• Directions
Within the lines below, the span from the line with "- сообщает Дмитрий." to the line with "- Suitable for", both ends included, is to be reproduced exactly, with pictures omitted.

• Dataset content
********

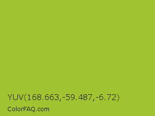 YUV 168.663,-59.487,-6.72 Color is a normal lime color and the nearest color is Android Green #a4c639. Hex code #a1c430 and RGB value is rgb(161,196,48). In RGB color space, this color is composed of 63% red, 77% green, 19% blue, In CMYK color space, this color is composed of 18% cyan, 0% magenta, 76% yellow , 23% black , In HSL color space, this color has a hue angle of 74° , 61% saturation and 48% lightness.
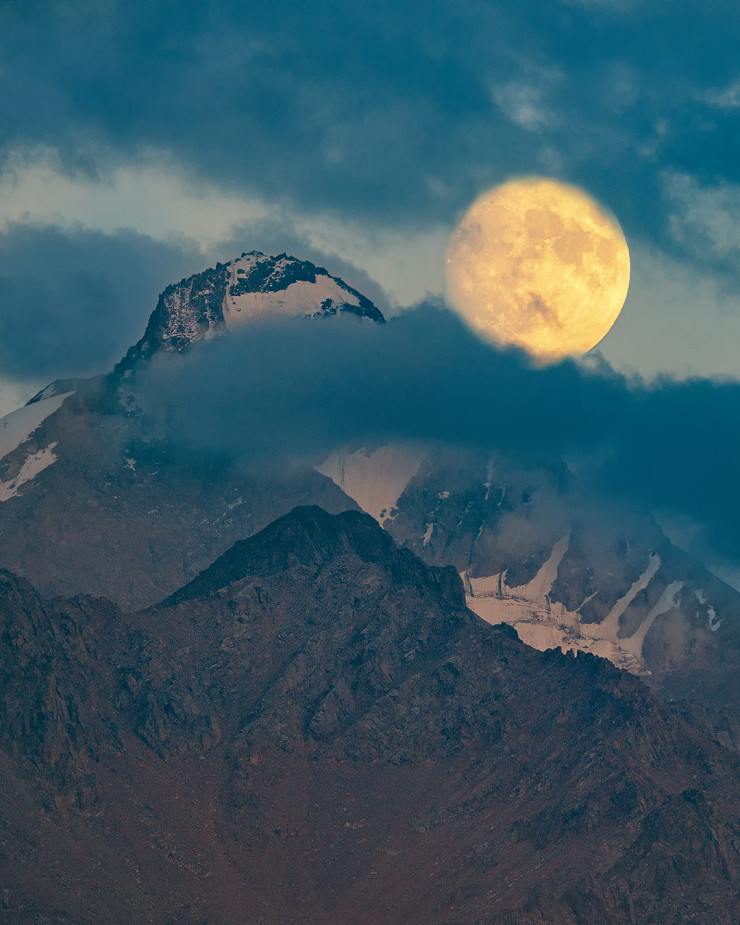 "Этот снимок сделал во время восхода луны над пиком Нурсултан. Тучи мешали, но в одном из просветов все же удалось поймать ночное светило", - сообщает Дмитрий.
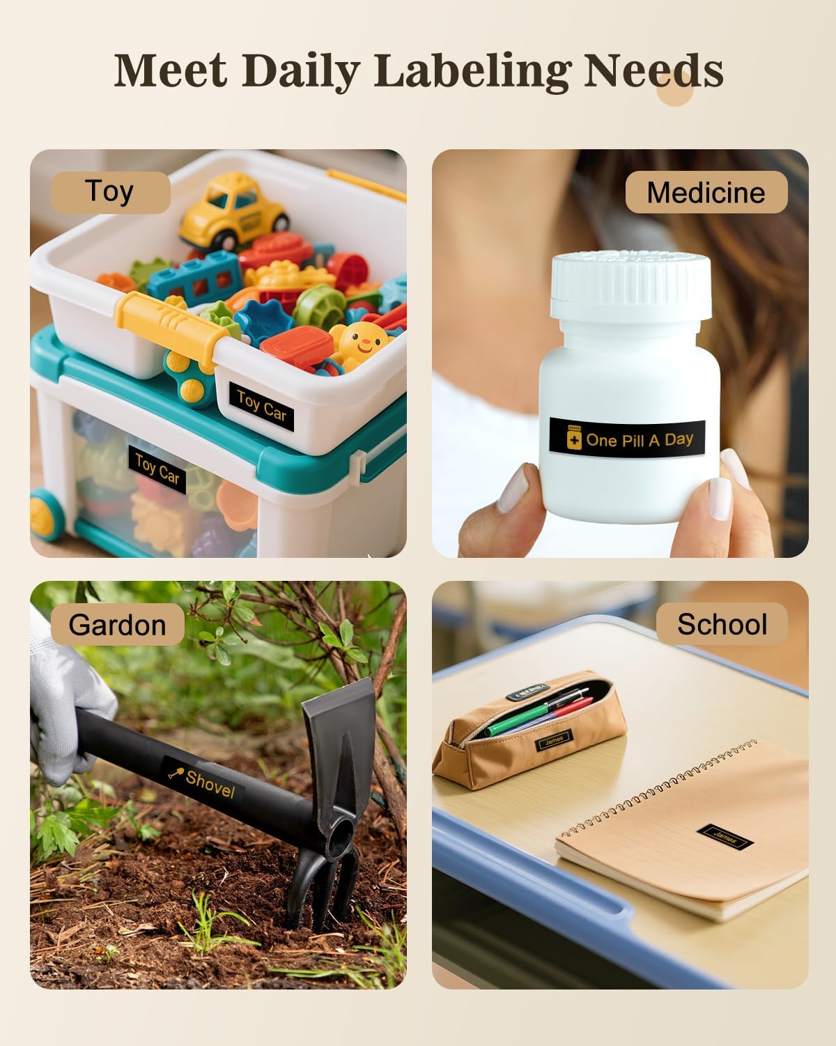 - Suitable for Outdoor and Indoor: Gold label maker tz tape has a self-adhesive backing. Widely used in offices, laboratories, kitchens, homes, warehouses, hotels, supermarkets, schools, etc.
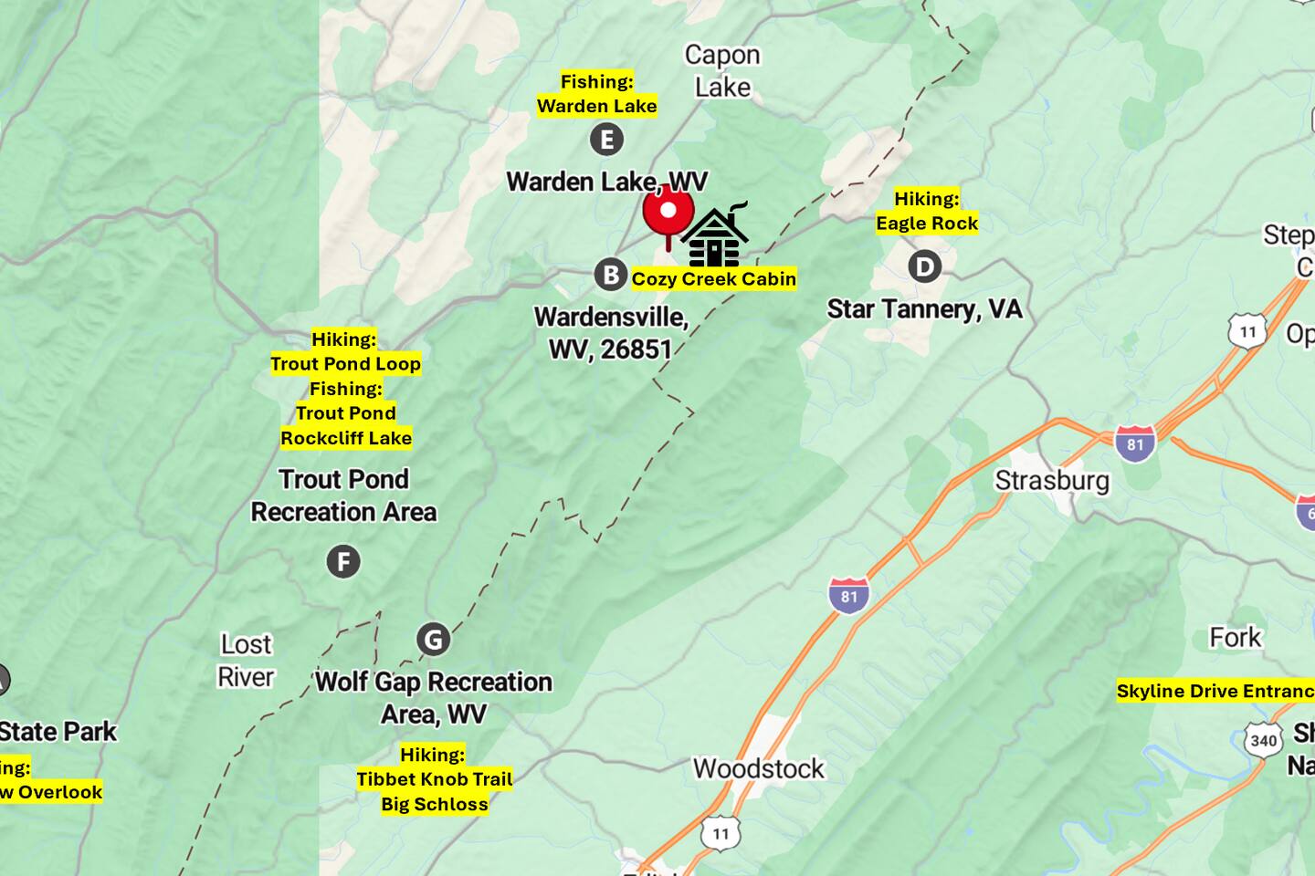 ๐ Your Private West Virginia Mountain Cabin | Relax, Explore & Reconnect ๐ ๐ Nearby Attractions: -๐ George Washington National Forest โ endless hiking trails ๐ฅพ, fishing ๐ฃ & scenic wilderness minutes away -๐ Lost River State Park โ swimming, hiking & horseback riding ๐ adventures -๐ Shenandoah National Park โ iconic Skyline Drive ๐ & breathtaking fall foliage views ๐ ๐ฃ Experience nature, comfort & family fun โ your perfect fall mountain getaway starts here! ๐ฒ ๐ก Property Highlights -๐๏ธ 2 miles to shopping, dining & markets in charming Wardensville -๐คซ Quiet, peaceful setting โ perfect for stargazing & creekside lounging -๐ Keyless entry for hassle-free check-in -โก High-speed Starlink Wi-Fi โ great for remote work -๐ Gas grill (propane provided) -๐งธ Private yard with swing set for kids ๐ Sleeping Arrangements - Bedroom 1: Queen Bed (Main Floor) - Bedroom 2: Queen Bed (Lower Level) - Bedroom 3 (Loft): Twin/Queen Bunk + Additional Twin Bed - ๐ผ Bonus: Pack โn Play (bring linens) + bed rail ๐ฅ Cozy Interior Features - 2 Smart TVs | Gas fireplace | Family board games - Dining table for 6 | Ceiling fans | Toddler bed rail available ๐ณ Outdoor Oasis - Private hot tub with creek views - Furnished porch & deck โ ideal for morning coffee - Gas fire pit + outdoor seating (propane included) - Wood-burning fire pit (BYO firewood) - Direct access to the creek โ relax or explore! ๐ณ Fully Stocked Kitchen - Full-size fridge, oven, microwave & dishwasher - Cooking essentials + crockpot - Drip coffee maker, water filter & ice maker - Plates, utensils & cookware โ ready for your family feast ๐ฌ๏ธ Extra Amenities - FREE Starlink Wi-Fi - Central heat & A/C for year-round comfort - Fresh linens, towels, paper goods & toiletries - Hair dryer, trash bags & starter supplies included ๐ Need-to-Know Info - ๐พ Pet-friendly (max 2 pets | \$75 pet fee + tax) - ๐ญ No smoking allowed - ๐ซ No parties or events - Professionally cleaned & sanitized between stays - ๐ท Outdoor security cameras (exterior-facing only) - ๐ถ First-floor bedroom & bath โ great for all ages ๐ Parking - Private driveway fits up to 4 vehicles โ ๏ธ Other Notes - Quiet hours: 10 PMโ8 AM (please respect our neighbors) - Cabin uses septic system โ flush mindfully - Expect occasional country critters like ladybugs or stick bugs ๐ - You may encounter local wildlife including deer ๐ฆ, black bears ๐ป, and snakes ๐ โ please admire from a distance and secure all food/trash - No guest access to laundry room - Bring your own firewood for the wood fire pit ๐ Ready to make lifelong memories? Book your Cozy Creek Cabin adventure today! ๐๏ธ

********

• Result
 "Этот снимок сделал во время восхода луны над пиком Нурсултан. Тучи мешали, но в одном из просветов все же удалось поймать ночное светило", - сообщает Дмитрий.
 - Suitable for Outdoor and Indoor: Gold label maker tz tape has a self-adhesive backing. Widely used in offices, laboratories, kitchens, homes, warehouses, hotels, supermarkets, schools, etc.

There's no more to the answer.